▶ **Data for this task**:
BEGIN
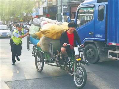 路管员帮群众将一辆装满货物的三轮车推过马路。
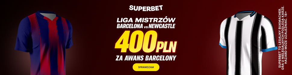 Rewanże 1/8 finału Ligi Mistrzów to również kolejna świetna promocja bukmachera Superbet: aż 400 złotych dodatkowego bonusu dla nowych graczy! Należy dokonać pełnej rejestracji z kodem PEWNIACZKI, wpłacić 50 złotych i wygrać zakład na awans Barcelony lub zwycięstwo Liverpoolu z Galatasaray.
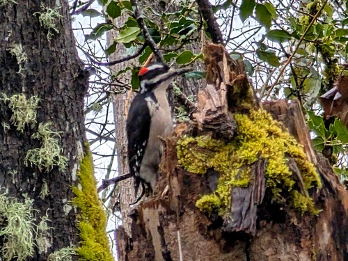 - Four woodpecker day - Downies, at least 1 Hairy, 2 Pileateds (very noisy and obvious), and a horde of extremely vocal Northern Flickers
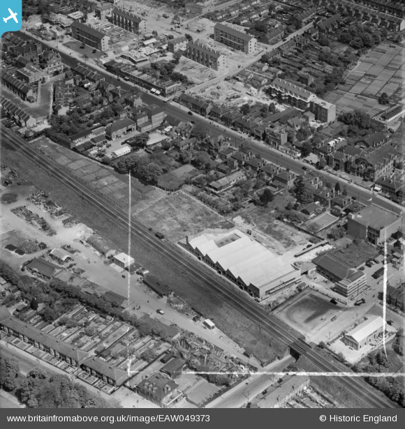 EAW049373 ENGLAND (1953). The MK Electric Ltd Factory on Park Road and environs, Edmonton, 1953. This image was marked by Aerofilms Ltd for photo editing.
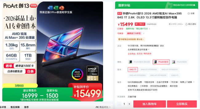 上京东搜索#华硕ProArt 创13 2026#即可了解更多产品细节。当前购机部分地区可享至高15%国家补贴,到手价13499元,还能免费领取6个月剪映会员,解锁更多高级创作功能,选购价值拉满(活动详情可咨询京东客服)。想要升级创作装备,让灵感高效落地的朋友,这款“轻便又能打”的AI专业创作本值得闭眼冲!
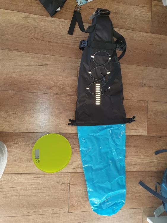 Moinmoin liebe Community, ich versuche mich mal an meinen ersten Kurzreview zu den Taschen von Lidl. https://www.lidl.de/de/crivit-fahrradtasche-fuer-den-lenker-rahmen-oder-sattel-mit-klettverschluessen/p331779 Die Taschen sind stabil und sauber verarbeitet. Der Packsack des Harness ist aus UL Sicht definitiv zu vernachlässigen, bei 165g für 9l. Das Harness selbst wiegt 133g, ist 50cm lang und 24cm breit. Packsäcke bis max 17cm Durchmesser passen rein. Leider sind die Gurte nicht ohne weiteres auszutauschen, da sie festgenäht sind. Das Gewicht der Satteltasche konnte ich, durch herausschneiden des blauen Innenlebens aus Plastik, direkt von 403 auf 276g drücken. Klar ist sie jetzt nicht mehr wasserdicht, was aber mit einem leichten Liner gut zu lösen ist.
END
BEGIN
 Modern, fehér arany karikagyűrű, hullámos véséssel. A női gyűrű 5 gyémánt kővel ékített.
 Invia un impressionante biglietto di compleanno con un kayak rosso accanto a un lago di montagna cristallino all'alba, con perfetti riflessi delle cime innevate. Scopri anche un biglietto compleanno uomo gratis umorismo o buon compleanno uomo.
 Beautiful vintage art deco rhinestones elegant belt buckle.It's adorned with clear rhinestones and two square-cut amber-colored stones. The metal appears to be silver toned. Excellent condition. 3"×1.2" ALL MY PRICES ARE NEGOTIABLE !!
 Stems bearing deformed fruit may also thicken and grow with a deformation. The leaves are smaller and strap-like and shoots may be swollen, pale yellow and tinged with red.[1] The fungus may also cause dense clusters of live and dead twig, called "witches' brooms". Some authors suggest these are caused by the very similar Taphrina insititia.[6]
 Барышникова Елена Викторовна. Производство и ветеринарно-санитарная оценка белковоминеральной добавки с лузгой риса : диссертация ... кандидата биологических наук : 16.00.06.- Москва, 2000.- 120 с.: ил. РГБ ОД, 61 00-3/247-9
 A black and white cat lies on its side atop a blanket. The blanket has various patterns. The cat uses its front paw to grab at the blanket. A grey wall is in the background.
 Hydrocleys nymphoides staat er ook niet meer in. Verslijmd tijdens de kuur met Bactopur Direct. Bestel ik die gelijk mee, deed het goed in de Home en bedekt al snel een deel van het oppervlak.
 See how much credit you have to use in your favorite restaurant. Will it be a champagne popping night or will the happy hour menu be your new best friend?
END
▶ **Work instruction**:
Look above for the line holding "Beautiful vintage art", then set down exactly that line and every line after it up to and including the line holding "Stems bearing deformed", with nothing else.

▶ **Answer space**:
 Beautiful vintage art deco rhinestones elegant belt buckle.It's adorned with clear rhinestones and two square-cut amber-colored stones. The metal appears to be silver toned. Excellent condition. 3"×1.2" ALL MY PRICES ARE NEGOTIABLE !!
 Stems bearing deformed fruit may also thicken and grow with a deformation. The leaves are smaller and strap-like and shoots may be swollen, pale yellow and tinged with red.[1] The fungus may also cause dense clusters of live and dead twig, called "witches' brooms". Some authors suggest these are caused by the very similar Taphrina insititia.[6]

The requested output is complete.